Detengámonos en estas palabras de Jesús: «Nadie tiene amor más grande que el que da la vida por sus amigos» (Jn 15, 13). Los amigos de Dios son todos los hombres; por todos y para todos se encarnó, padeció la cruz y ha resucitado. Toda su vida es un reflejo claro y evidente del amor mismo de Dios. Qué bueno es sentir la llamada, el golpe en el corazón, para descubrir, en nuestra vida, ese amor que derrama el Señor en nosotros y, sobre todo, cómo hacemos posible que ese amor derramado se comunique. En este sentido, quiero haceros tres invitaciones:
1. Tened siempre en vuestra vida una academia práctica donde aprender a vivir la caridad. ¿Qué quiero decir con esto? La caridad se aprende junto a Jesucristo y se vive en concreto. Tenemos muchas instituciones de la Iglesia en las que podemos vivir el encuentro con el otro: comedores, residencias… Se trata de meditar de nuevo el pasaje de Mateo 25 y buscar los lugares donde se da de comer al hambriento y de beber al sediento, se viste al desnudo, se acoge al forastero, o se atiende al enfermo o al preso.
2. Escuchad y estad atentos a la llamada, concretando en la vida lo que invocamos en la oración y profesamos en la fe. Qué bueno es comprender que no hay alternativa a la caridad. Solamente quienes se ponen al servicio de los hermanos, aunque no lo sepan, son quienes aman a Dios.
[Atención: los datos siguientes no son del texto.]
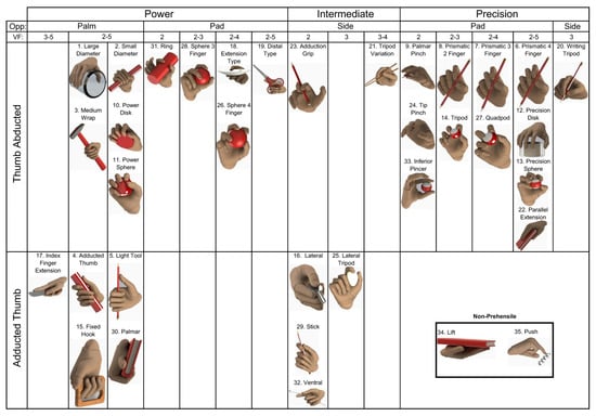 - Napier, J.R. The prehensile movements of the human hand. J. Bone Jt. Surgery Br. Vol. 1956, 38, 902–913. [Google Scholar] [CrossRef]
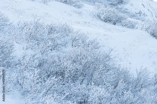Plants in the tundra in the Arctic are covered with hoar frost. Snow and rime ice on the branches of bushes. Beautiful winter background with twigs covered with hoarfrost. Cold snowy weather. Frosting

3. Recordad que la persona no es nada sin caridad. ¿Cómo vivo el dinamismo de apertura y de unión hacia las personas? Ese dinamismo lo da Dios, aunque quizá muchos no se den cuenta de ello. Como subraya el Papa en su última encíclica, «la altura espiritual de una vida humana está marcada por el amor, que es el criterio para la decisión definitiva sobre la valoración positiva o negativa de una vida humana» (FT 92).